The novel molecules have a unique pharmacology that enables them to bind, antagonize and degrade the androgen receptor, along with mutants and splice variants, inhibiting the growth of aggressive prostate cancers that are unresponsive to other androgen pathway inhibitors, according to study background.

“These novel molecules are one of the first-in-class potent degraders of the androgen receptor,” Ramesh Narayanan, PhD, associate professor and director of the Center for Cancer Drug Discovery at the University of Tennessee Health Science Center, told Endocrine Today. “These could provide a novel mechanism to target advance prostate cancer that has become refractory to existing treatment options.”

Ramesh Narayanan
Ramesh Narayanan

Narayanan and colleagues developed a series of SARDs using a rationale-based drug discovery approach and preclinical models that included cells, xenografts and patient-derived samples.
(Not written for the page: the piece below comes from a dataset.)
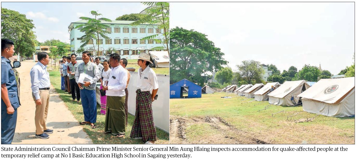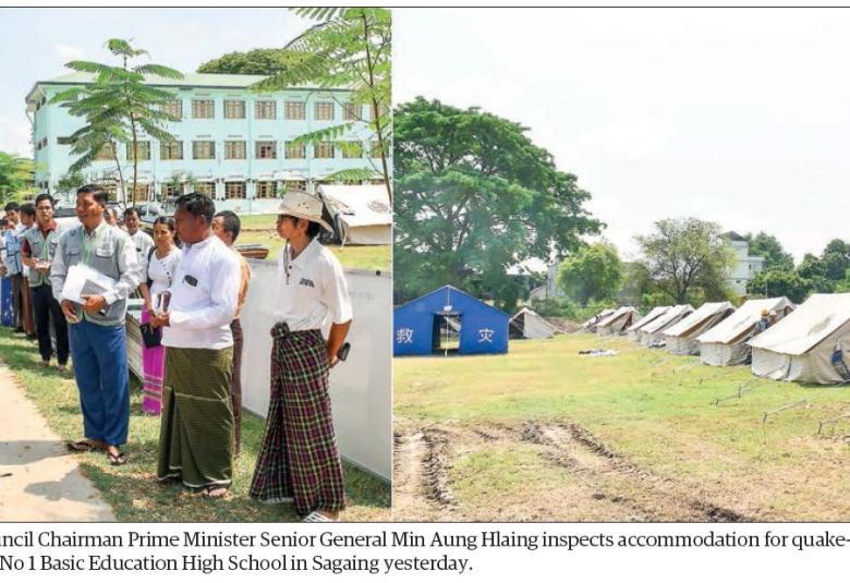At No 1 Basic Education High School, the Senior General inspected accommodation for quake-affected people at the temporary relief camp and the loss and damage to the school buildings. In response to the report of officials, the Senior General urged them to supervise the systematic repair of school buildings to be completed before opening of schools. He noted that if not, the dangerous school buildings must be dissolved systematically and left necessary instructions.

Compared with enzalutamide therapy, the researchers found that the SARDs antagonize the androgen receptor with an IC50 of ~50-250 nM vs. ~500 nM. The SARDs also degrade full-length androgen receptors in the high nanomolar range (100-500 nM) and variant androgen receptors between 1 and 5 µM. In addition, SARDs inhibit proliferation of full-length androgen receptors and androgen receptor splice variant-dependent PCa cells better than comparators, according to researchers.

Researchers also found that the SARDs inhibited growth of LNCaP androgen-dependent prostate cancer xenograft, the 22RV1 CRPC xenograft and androgen receptor and androgen receptor splice variant-positive CRPC patient-derived xenografts.

In most cases, advanced prostate cancers that relapse from androgen receptor antagonists are treated with chemotherapy; however, for patients who do not respond to androgen receptors or who relapse, it is important to find new drugs that can provide targeted, sustained therapy, Narayanan said.

“If translated in the clinic, these molecules could be used to treat advanced prostate cancer that has become refractory to existing therapies,” Narayanan said in an interview. “Also, prostate cancers that express splice variants could be treated using these molecules.”

“Currently IND-enabling studies are ongoing,” Narayanan said. “If no toxicity is observed, these molecules will likely enter clinical trials by the end of 2017.” – by Regina Schaffer

Reference:

Narayanan, R, et al. OR25-1. Presented at: The Endocrine Society Annual Meeting; April 1-4, 2017; Orlando, Fla.

Disclosures: Narayanan reports consulting for GTx, Inc.